> Exercise data
————
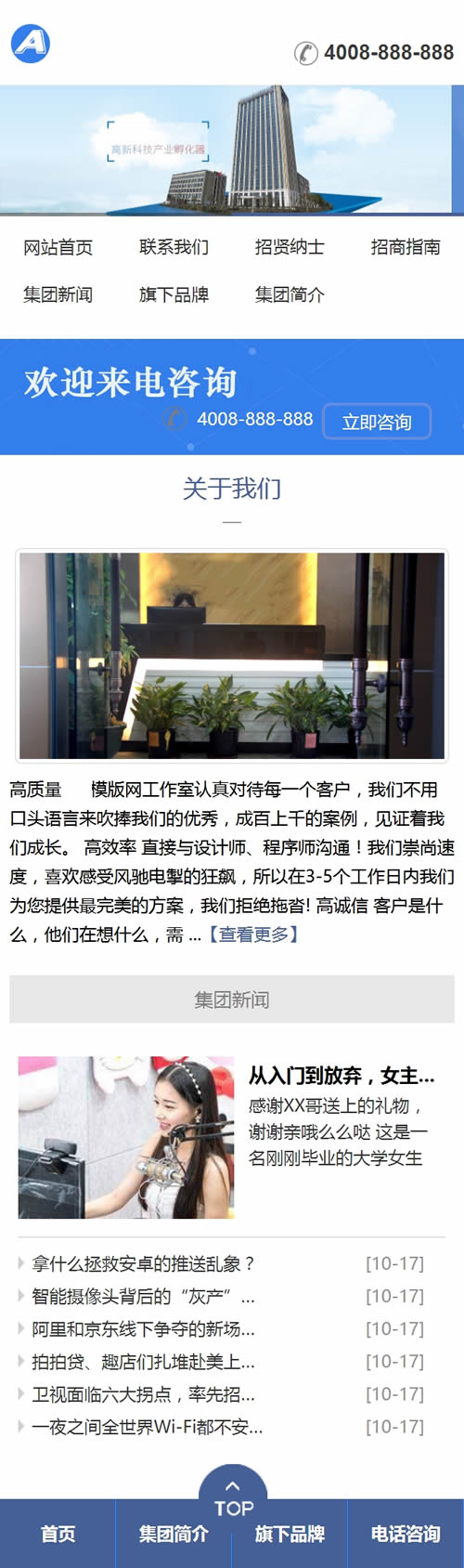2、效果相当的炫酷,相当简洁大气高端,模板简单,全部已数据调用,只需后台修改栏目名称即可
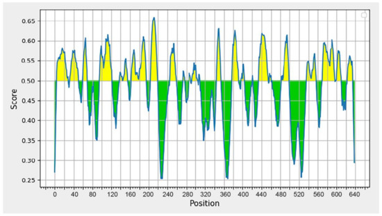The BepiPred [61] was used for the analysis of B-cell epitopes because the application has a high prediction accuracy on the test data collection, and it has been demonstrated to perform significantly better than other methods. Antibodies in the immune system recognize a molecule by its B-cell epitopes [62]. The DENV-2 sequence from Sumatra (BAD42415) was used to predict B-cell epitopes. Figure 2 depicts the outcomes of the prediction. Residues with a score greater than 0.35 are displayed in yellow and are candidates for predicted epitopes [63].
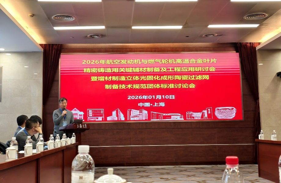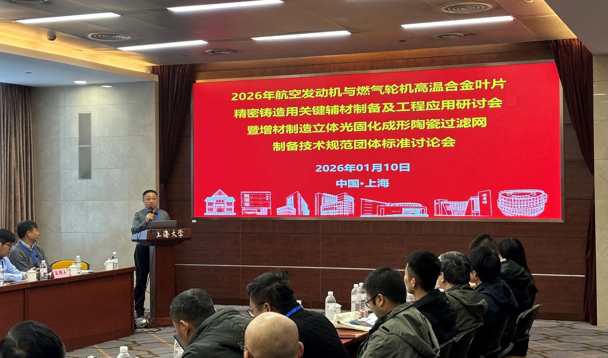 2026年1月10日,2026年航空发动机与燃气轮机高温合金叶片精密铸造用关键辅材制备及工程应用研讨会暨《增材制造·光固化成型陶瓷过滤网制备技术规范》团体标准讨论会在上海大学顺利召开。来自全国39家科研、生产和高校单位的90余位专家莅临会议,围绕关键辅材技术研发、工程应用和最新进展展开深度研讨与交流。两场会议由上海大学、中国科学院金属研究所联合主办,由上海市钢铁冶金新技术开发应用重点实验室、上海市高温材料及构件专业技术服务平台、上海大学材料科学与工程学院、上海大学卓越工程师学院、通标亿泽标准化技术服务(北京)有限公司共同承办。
————
> Task instructions
Please take the lines from the beginning of the data above through the line holding "The BepiPred [61]" and transcribe them exactly, without any pictures.

> Expected answer
2、效果相当的炫酷,相当简洁大气高端,模板简单,全部已数据调用,只需后台修改栏目名称即可
The BepiPred [61] was used for the analysis of B-cell epitopes because the application has a high prediction accuracy on the test data collection, and it has been demonstrated to perform significantly better than other methods. Antibodies in the immune system recognize a molecule by its B-cell epitopes [62]. The DENV-2 sequence from Sumatra (BAD42415) was used to predict B-cell epitopes. Figure 2 depicts the outcomes of the prediction. Residues with a score greater than 0.35 are displayed in yellow and are candidates for predicted epitopes [63].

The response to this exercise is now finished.